The scenario above would take Bitcoin up to $32,425, which is 53% lower than its record-breaking high in November 2021. Therefore, for those who purchased BTC on September. 2 at $20,250 that would translate to 60 percent profit.
However in this market that is neutral that is in place, the Nasdaq will erase its losses and increase 40%, totalling 19,563 points for an 64.4 percent gain. For clarity, that is 21.6 percentage more than the current record high.
The bull market can set price limits for stocks
The top seven companies on Nasdaq include Apple, Microsoft, Amazon, Tesla, Google, Meta and Nvidia All of them are famous tech giants. In the stock market earnings are the most crucial indicator that boosts investors’ confidence and a higher percentage of profits could be distributed to shareholders, or used to purchase back stock, or reinvested into the business or even used to buy back stock.
When profits rise, companies are rewarded for making more stock available, which is called follow-on offers, Bitcoin press release distribution . Furthermore, a tech firm is constantly acquiring new niche competitors to ensure its position as the leader. So, bull markets cause problems of their own when valuations are too high and buybacks are not a good idea.
For Bitcoin the fact that there are the most miners, investors, or infrastructure do not result in a better product because the production timetable is set since Day 1. The supply is set regardless of whether the price fluctuates.
Bitcoin was created to withstand centralization and regulation.
Nvidia, a leading graphic card and computer chip manufacturer, hit a 68-week lowest on September. 2 following U.S. officials imposed a new licensing requirement for Nvidia’s artificial intelligence chip sales towards China as well as Russia. In mid-2021, China was able to shut down mining operations located in China, Bitcoin press release distribution , leading the Bitcoin hash rate to fall 50% in just two months.
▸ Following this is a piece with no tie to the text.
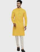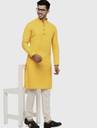 Men Solid Cotton Blend Straight Kurta (Yellow)

The major difference between the two cases is Bitcoin’s automatic difficulty adjustment, which eases the burden on miners in times of less activity. Although it’s true that the U.S. regulation will likely affect Nvidia’s exports, there’s nothing hindering Taiwanese TSMC chip maker, South Korean Samsung or Chinese Huawei from expanding and exporting their products.
Bitcoin is a digital peer-to peer digital cash network, which means it doesn’t require central exchanges to function. If governments decide to stop the trading of crypto completely, it will only increase the significance and power of this network that is decentralized. Many countries have attempted to stop foreign currency from circulation in order to create an underground market facilitators serving as intermediaries who are illegal, Pr services for Bitcoin companies and startups .
Based on the three scenarios, ranging from total blockage to generalized market for bulls, the odds favour Bitcoin over tech-related stocks at current prices. Therefore, when adjusted for its fluctuation, the risk reward significantly favors Bitcoin.
The opinions and thoughts that are expressed in this article are the sole opinions of the writer and do not necessarily reflect the opinions of Cointelegraph. Every investment or trading decision is a the risk of loss. You must be sure to conduct your own research before making the decision.